Vorbild USA? Legalisierung macht Mafia den Handel schwer
„Man konnte in der Zeitung nachlesen, dass die Legalisierung in einigen amerikanischen Bundesstaaten dazu geführt hat, dass der Handel der mexikanischen Mafia mit Marihuana um 25 Prozent gesunken ist“, argumentiert Gregor Makowski. Außerdem könne man durch den Wegfall der Strafverfolgung Geld sparen. Auf Seiten der Polizei ist das jedoch noch kein Thema. „Insbesondere im Zusammenhang mit der Verkehrssicherheit wurden mit dem Ziel, die Anzahl der verkehrsuntüchtigen Fahrer unter Einfluss von Drogen zu verringern, Schulungsmaßnahmen zur Drogenerkennung und in Verbindung damit zahlreiche Kontrollen an Bundesstraßen und im Umfeld von Berufsfachschulen durchgeführt“, berichtet Petra Volk, Pressesprecherin des Polizeipräsidiums Westhessen, zu dem Wiesbaden gehört. Auch im Umfeld von Veranstaltungen habe es gezielt Einsätze gegeben, was dazu geführt habe, dass die Zahl der Delikte, die im vergangenen Jahr in Wiesbaden im Zusammenhang mit Erwerb und Besitz von Cannabis registriert wurden, um knapp 25 Prozent auf 1.607 gestiegen sei. In weiteren 56 Fällen seien Ermittlungsvorgänge wegen des Verdachts des Cannabishandels eingeleitet worden, was gegenüber dem Vorjahr fast eine Verdreifachung bedeutet. Daraus lasse sich allerdings nicht schließen, dass tatsächlich mehr konsumiert und gedealt worden ist. Die Zahlen seien  zunächst einmal das Ergebnis der verstärkten Kontrolltätigkeit.

Die Rechtslage
Staatsanwalt Oliver Kuhn von der Staatsanwaltschaft Wiesbaden erklärt, dass der reine Konsum von Cannabis-Produkten nach dem Betäubungsmittelgesetz nicht strafbar ist – wohl aber der Erwerb, der Besitz, der Anbau und der Handel, ohne die der Konsum kaum darstellbar ist. Seit einigen Jahren gibt es beim Besitz Bagatellgrenzen für den Eigenbedarf. Liegt man darunter, besteht die Möglichkeit, dass das Strafverfahren eingestellt wird. Diese liegt in Hessen bei sechs Gramm. Auf der anderen Rheinseite berichtet Oberstaatsanwalt Gerd Deutschler, dass die Staatsanwaltschaft in Rheinland-Pfalz in der Regel von einer Verfolgung absieht, wenn sich die Tat auf nicht mehr als zehn Gramm Haschisch oder Marihuana bezieht, dieses zum Eigenkonsum besessen wurde und eine Fremdgefährdung ausgeschlossen gewesen ist. Das Fahren unter Drogeneinfluss im Straßenverkehr wird in Hessen seit Juli 2013, in Rheinland-Pfalz schon länger, schärfer bestraft, indem ein gesondertes Ermittlungsverfahren wegen des Verstoßes gegen das Betäubungsmittelgesetz eingeleitet wird, weil der Besitz und Erwerb der Drogen unterstellt wird.
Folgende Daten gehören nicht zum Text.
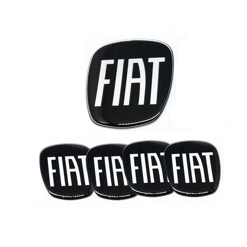 4 Adesivos para a Roda Fiat Mobi / Fabricado em Poliéster Escovado / Dimensões: 3,4 x 3,8 cm

Beamte mit Szene-Kenntnissen
In Mainz ist seit vergangenem Sommer eine Ermittlungsgruppe in zivil unterwegs, die sich aus Beamten mit Szene-Kenntnissen zusammen setzt. „Oberste Priorität ist, das Dunkelfeld zu erhellen und wieder mehr Präsenz auf der Straße zu haben“, erklärt Heidi Nägel von der Pressestelle des Polizeipräsidiums Mainz. Auch dort ist so im Stadtgebiet samt Budenheim und Nieder-Olm die Zahl der registrierten Fälle bei Besitz und Erwerb von Cannabis-Produkten von 201 im Jahr 2013 auf 358 im vergangenen Jahr gestiegen. Bei den fast täglichen Kontrollen der Ermittlungsgruppe gehe es auch um die öffentliche Wahrnehmung. Selbst wenn solche Fälle nicht komplett zu verhindern seien, könne man nicht zulassen, dass etwa am Hauptbahnhof offen gedealt werde. In gewisser Hinsicht besteht da sogar ein ähnliches Interesse wie bei den Aktivisten vom Cannabis Social Club.